Undergraduate Course: Statistical Literacy (SCIL07001)
Course Outline
School | School of Social and Political Science |
College | College of Humanities and Social Science |
Credit level (Normal year taken) | SCQF Level 7 (Year 1 Undergraduate) |
Availability | Not available to visiting students |
SCQF Credits | 20 |
ECTS Credits | 10 |
Summary | The Daily Mail recently informed readers that drinking a glass of wine increased their "risk of death" by 20%. Even if this were not logical nonsense (sadly we all face a 100% risk) a moment's reflection suggests it is implausible: a bottle of wine would be lethal!
Not only journalists slip up with numbers. Research shows that doctors rarely interpret the implications of a positive test result correctly (tests contain a margin of error, so that the likelihood of a "false positive" must be weighed against that of a "true" result). Several innocent people have been jailed over the years because trials have used faulty statistical reasoning.
These are everyday examples of statistical illiteracy: lack of confidence or skill in handling numerical evidence. Yet Hal Varian, of Google, has declared that statistics will be the sexiest science of the 21st century! Most corporations are now recruiting "data scientists" because they believe that how they harness the exponentially increasing volume of information produced by "digital society" will determine their success. Governments and public agencies have more and better evidence to guide their decisions than ever before: but only if they can organise and analyse it. Most important of all, citizens in democratic societies now face the same "data deluge" about the risks and opportunities associated with different behaviours, lifestyles or policies.
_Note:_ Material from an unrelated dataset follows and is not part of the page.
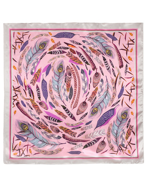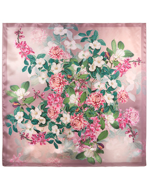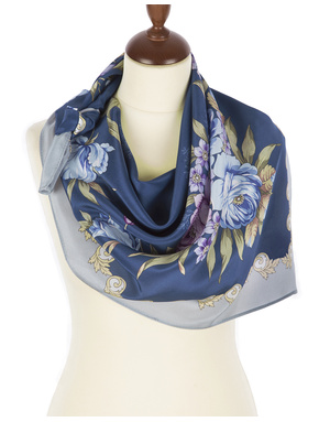 Russian silk headscarves keep Pavlovo Posad traditions. Main pattern element is a rose, minor flowers in the centre, closer to the edges flowers become bigger and wind by oriental ornaments, also known as "Turkish cucumbers", as the shawl tradition came to Russia from East. The painter can make flowers tremble, palpitate from wind breath or freeze with the first snow.

Most people see statistics as a dark art practised by those who have forsaken real life for the world of numbers. This is a pity. It sustains poor decision-making at every level from individual lifestyles to the top of government. It is also untrue.
Statistics is less about numbers than rules for logical thinking about evidence and imagination in applying them. These rules are straightforward to learn, but often counter-intuitive, because evolution has trained us to notice and rationalise whatever catches our attention.
Anyone can use these rules to judge the quality of evidence in anything from newspaper stories to scientific papers. Once mastered, the world becomes a more curious and interesting place. The course also looks at the often surprising origin of these rules in gambling, theology or the study of genetics.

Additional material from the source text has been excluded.